Wednesday, July 12, 2006

History of Balanced Funds

The history of balanced funds is very interesting to me. Before the mutual funds, every investor tried his own lucks in selecting individual stocks. Although there are still many individual investors picking their own stocks, but mostly rely on mutual funds, exchange-traded funds, or closed-end funds for their investment needs.

Balanced funds or total return funds are those mutual funds with investments in equity and fixed income at the same time. One of the first such funds is the asset allocation funds. The weights between equity and fixed income are changing over time, depending on the views of the managing experts. When these experts think the equity markets are going to do well, then they allocate more capital in equity securities. If the experts think the fixed income securities are going to do well in the next period, they allocate more capital in the fixed income securities. However the experts have not done so well in predicting the proper weights between the equity and fixed income securities. So the financial institutions introduced the balanced funds with the fixed weights between equity securities and bonds. These settled the first chapter in balanced fund history.
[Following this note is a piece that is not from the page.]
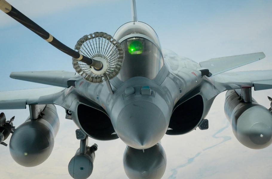 Francouzský víceúčelový letoun Dassault Rafale před zahájením tankování z leteckého tankeru KC-135 během operace nad Mali, kam stroje létaly z Francie přes Alžírsko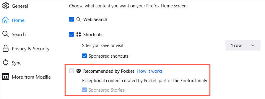 Bu sayfayı değiştirmek için geri dönUygulama Menüsü>AyarlarVe seçimEvsoldaki. Sonra özelleştirme seçeneklerini kullanın.Firefox ev içeriğibölüm.

When the one fixed weights of equity securities and bonds does not satisfy the need of all kinds of investors. The financial experts have believed that some people like growth funds (with more weights in equity securities) while the others like income funds (with more weights in bonds). So they introduced the style funds ranging from very aggressive growth, to aggressive growth, to moderate growth, and to conservative growth funds. These funds satisfied the investment community for a while.

Now the experts believe the people who should not be linked to a specific growth-category for his entire life. So they introduced a new type of funds – the target retirement funds. The weight of equity securities changes according the ages. The weights usually change from about 90% in equity securities for the young people to 10% in equity when people are close to their retirement ages.

Now what is the next wave for the balanced funds? I believe that they are the one-world funds. The history comes back to its original point but with higher technological flavors. The new round of balanced funds is the one-world funds which is mathematically optimized combinations among all investment asset classes ranging from equity, to bonds, to commodities, to real estates, to precious metals, and to long-life assets such as infrastructure facilities.